FERC, however, denied other areas of the challenge:

  • The complainants said Ameren is allocating solely to transmission certain costs that involve both transmission and distribution. FERC said that while “the naming of certain accounts could be misleading,” the accounts were only related to transmission costs.
  • The two cooperatives said Ameren should not be allocating franchise fees to customers; Ameren responded that because the franchise fees allow transmission construction, they should be included in transmission rates.

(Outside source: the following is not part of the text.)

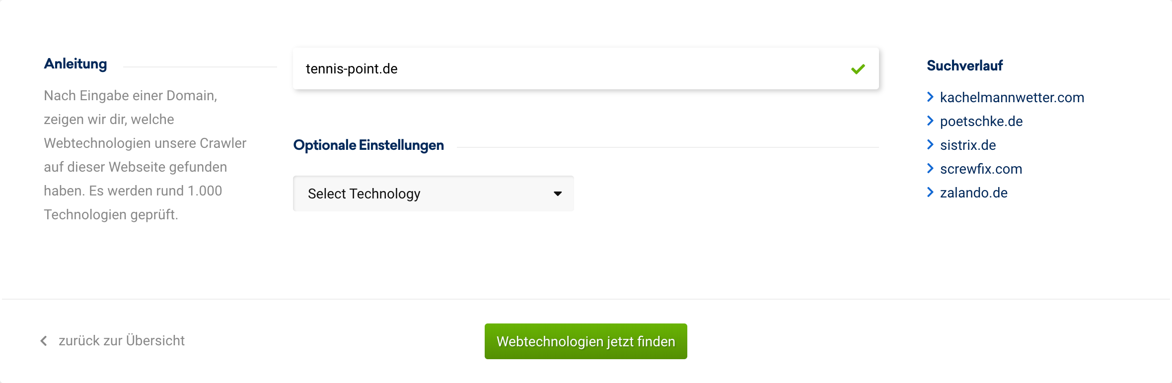Nun geben wir die Domain ein, welche wir untersuchen wollen. In unserem Beispiel schauen wir uns die Technologien von tennis-point.de an.

FERC said Ameren is allowed to recover franchise fees and said the particular challenge “amounts to a collateral attack on the filed rate.”
  • The complainants alleged Ameren’s formula rate was improperly related to its generation and distribution functions and asked for “a line-by-line review of specific entries to eliminate generation or distribution-related items.” FERC said that asking for cost to be “functionalized on a direct assignment basis instead of on the basis of an allocation ratio” amounted to challenging the formula rate itself and could only be addressed in a separate filing.
  • The cooperatives accused Ameren of including costs relating to retail distribution and customer services into the general and intangible plant cost allocation to transmission, which increased from $20.3 million in 2008 to $63.8 million in 2016. FERC said it found “no reason to conclude that Ameren Illinois is not properly classifying the challenged items.”
  • The complainants questioned the 117% jump in Ameren’s wages and salaries allocation over six years. FERC said the increase was reasonable because Ameren Illinois was using more transmission labor.